When I saw that Belinda Vasquez Garcia had written a book about witchcraft and the Great Depression set in the American Southwest, I just HAD to talk to her. As some of you may know, I just curated an exhibition on the 1930s so I’m a little addicted to the period. Belinda’s novel, The Witch Narratives: Reincarnation, is full of fascinating concepts. She’s here today to talk about historical connections but watch this blog to hear more about the book.
Adding a Historical Time Period to a Paranormal Novel
by Belinda Vasquez Garcia
Some Southwestern witches shape-shift using a piedra imán, those lucky enough to find the rare magnetic shape-shifting stone, whose powers go back to Roman times. In crafting my story, I thought that if a woman had such a stone, she would use it to remain young and beautiful. If one could remain forever young, then immortality would follow. So, in my books, a piedra imán acts as a fountain of youth. I therefore, needed to have my series start in an earlier time period so the lucky owner would stay young, while other witches around her age, festering with jealousy. For the first book, one of the time periods I chose was the Great Depression.
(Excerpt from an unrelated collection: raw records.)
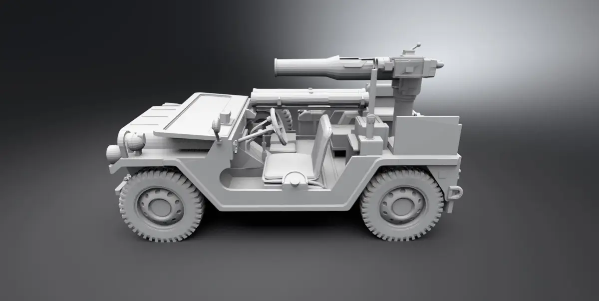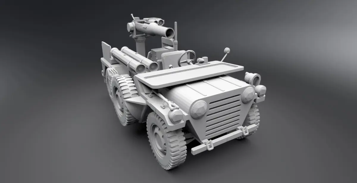 Detailed model of Jeep willys MB anti tank.
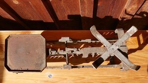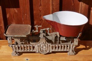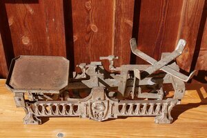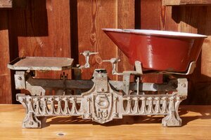 Tafelwaage nach Joseph Béranger, auch Schnabelwaage genannt, im Design des Art déco. In der Mitte steht in einem Wappenschild "5 kg", was die Angabe des Höchstgewichts das diese Waage wiegen konnte bezeichnet. Auf der einen Seite der Waage befindet sich eine Halterung für die original erhaltene Schütte, auf der anderen eine Plattform auf die die Gewichte gestellt werden konnten. In der Mitte der Waage befinden sich zwei gegenüberliegende Vogelköpfe, welche an der Halterung der Waagschalen befestigt sind und bei gleicher Schnabelhöhe die Nullstellung (Gleichgewicht) der Waage anzeigen können. Eine Tafelwaage unterscheidet sich von einer einfachen Balkenwaage durch die Gestänge im Inneren das bewirkt, dass das Moment am Waagebalken von der Position der Gewichte auf der Schale unabhängig ist. Auch werden Schrägstellung als auch Standortbewegungen bei der Béranger-Waage besser kompensiert, was die Nutzungsmöglichkeiten der Tafelwaage wesentlich erweitert. Am rechten Arm der Waage befindet sich ein Eichstempel mit geschweiftem Band und der Inschrift D.R. (für Deutsches Reich). Mit den beiden Ordnungszahlen war das Stempelzeichen der Eichbehörden. Der Eichstempel diente nicht zur Kalibrierung der Waage. Die "11" oberhalb des geschweiften Bandes steht für den zuständigen Eichaufsichtsbezirk in diesem Fall "Köln", zu dem auch die nördlichen Teile des heutigen Rheinland-Pfalz gehörten. Die "12" darunter bezeichnet das Eichamt (ehemals Aichstelle) in Mettmann. Die "22" in dem Schild, früher als Jahreszeichen für die innerstaatliche Eichung bezeichnet, gibt Auskunft über das Ende der Eichfrist der Waage. Die Eichfrist der abgebildeten Waage endete somit mit Ablauf des 31.12.1922. Berücksichtigt man die zweijährige Frist, so muss die Waage spätestens 1920 hergestellt worden sein und wurde nach 1922 nicht mehr im Geschäftlichen benutzt. Sehr ähnliche Waagen gibt es auch mit anderer Gewichtsobergrenzenbzeichnung, meist 10 kg. Wir bedanken uns beim Landesamt für Mess- und Eichwesen Rheinland-Pfalz für die Informationen zum Eichwesen.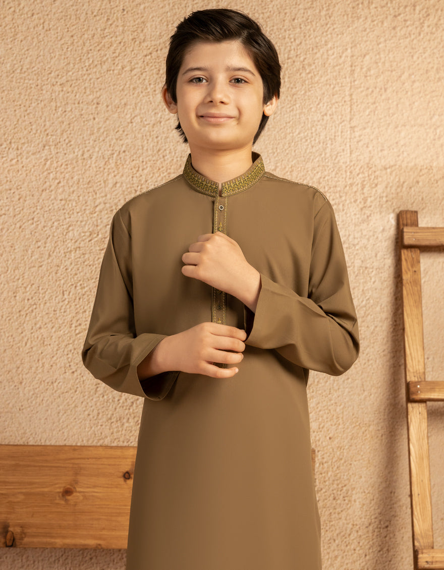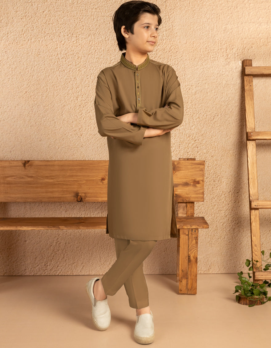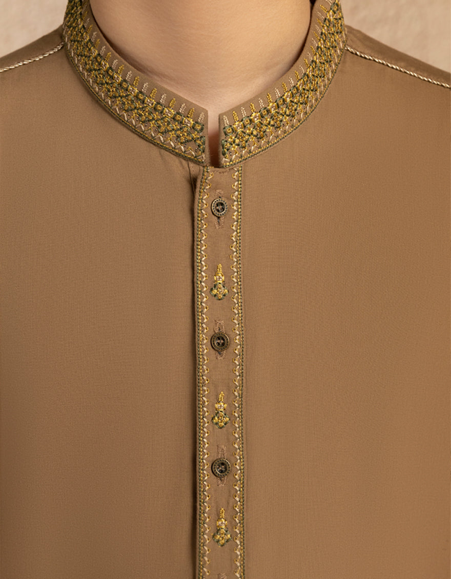 Designed with a refined touch, this mustard blended semi-formal kurta trouser set offers a clean look that's ideal for small events, meetups, or evening wear.

Madrid, New Mexico was once a company-owned, coal-mining town and it lost 37.5% of its population due to the Great Depression with 1/3 of the homes being emptied. The miners were forced to work just once or twice a week and struggled with even more debt which they owed to the company store. They ate mainly staples during this time period. One character, Marcelina, is given to quoting dichos [proverbs] and says of the Great Depression, “there is no shame in being poor but there is never a convenient time.”
Like most rich men, my fictional owner of the town and coal mine, Samuel Stuart, is not affected as much by hard times because he, also, owns businesses in Albuquerque, though some have closed due to the depression. However, his bank in Albuquerque, of which he is part owner, does fail and has to close its doors, even though the eight-story First National Bank is the biggest in Albuquerque. Here comes the Calvary! Lo and behold, the government and Roosevelt come to the rescue with the Glass-Steagall Act and loans money to banks all over the country, allowing the rich mine owner to reopen his bank. Hmm, sounds familiar, doesn’t it?
Well, the Glass-Steagall Act which saved the banks from entire ruin during the Great Depression bailed them out, so long as the banks agreed not to dabble in investment banking and underwrite securities.
Wait a minute! That’s what banks were doing that caused our current economic problems! I found it unnerving that during my research I discovered that the economic crisis our nation has been having the last few years is simply an echo of the past. It was rather daunting to see how history repeats itself.
Two young women, a witch and a Catholic, clash with the Penitentes, a fanatical, Catholic secret society who enforce their own punishment for sin. Salia, a third-generation witch and half-breed living on the fringes of society with a cruel mother and selfish grandmother, befriends Marcelina, a doubting Catholic haunted by a centuries-old witch, La Llorona, who rises from the muddy Rio Grande. While Marcelina is torn between Catholicism and witchcraft allure, Salia has no desire to join the Sisterhood of the Black Rose, the covens created by La Llorona.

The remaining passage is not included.